Mayor of Ascoli Piceno
- Incumbent
- Assumed office 11 June 2019
- Preceded by: Guido Castelli

Personal details
- Born: 18 March 1983 (age 43) Ascoli Piceno, Marche, Italy
- Party: Brothers of Italy
- Alma mater: University of Macerata
- Occupation: entrepreneur

= Marco Fioravanti =

Italian politician (born 1983)

Marco Fioravanti (born 18 March 1983 in Ascoli Piceno) is an Italian politician.

Formerly member of centre-right party The People of Freedom, he joined Brothers of Italy in 2013. He served as member of the City Council of Ascoli from 2009 to 2019.

Fioravanti ran for Mayor of Ascoli Piceno at the 2019 local elections, supported by a right-wing coalition formed by Brothers of Italy, Lega Nord and local civic lists. He won, beating out former mayor Piero Celani supported by a center-right coalition (Forza Italia and local civil lists) in the runoff; and took office on 11 June 2019.
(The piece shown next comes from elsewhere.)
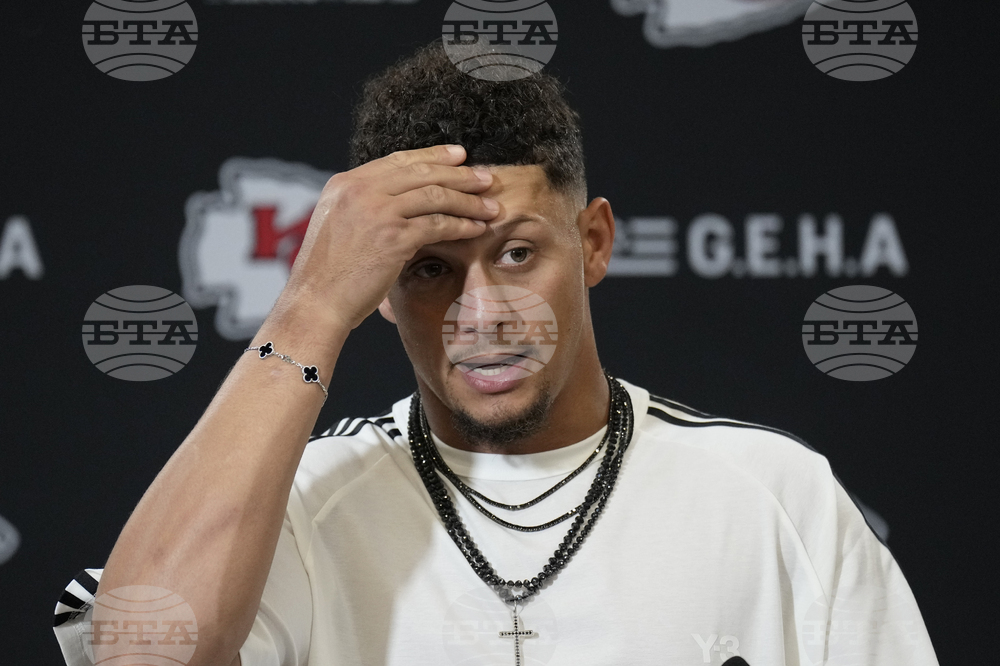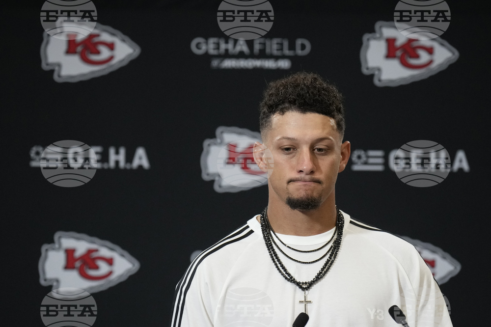 Kansas City Chiefs quarterback Patrick Mahomes speaks during a news conference following an NFL football game against the Philadelphia Eagles Sunday, Sept. 14, 2025, in Kansas City, Mo. (AP Photo/Charlie Riedel)

On 8 June 2024, he ran for re-election, and was handily elected in the first round with 74% of the vote, avoiding a runoff.

He has consistently been one of the most popular provincial capital mayors in Italy, with approval often over 60%. In Il Sole 24 Ore Governance Polls, in 2025 he was the most popular mayor with a 70% approval rating, and in 2026 second with 65%.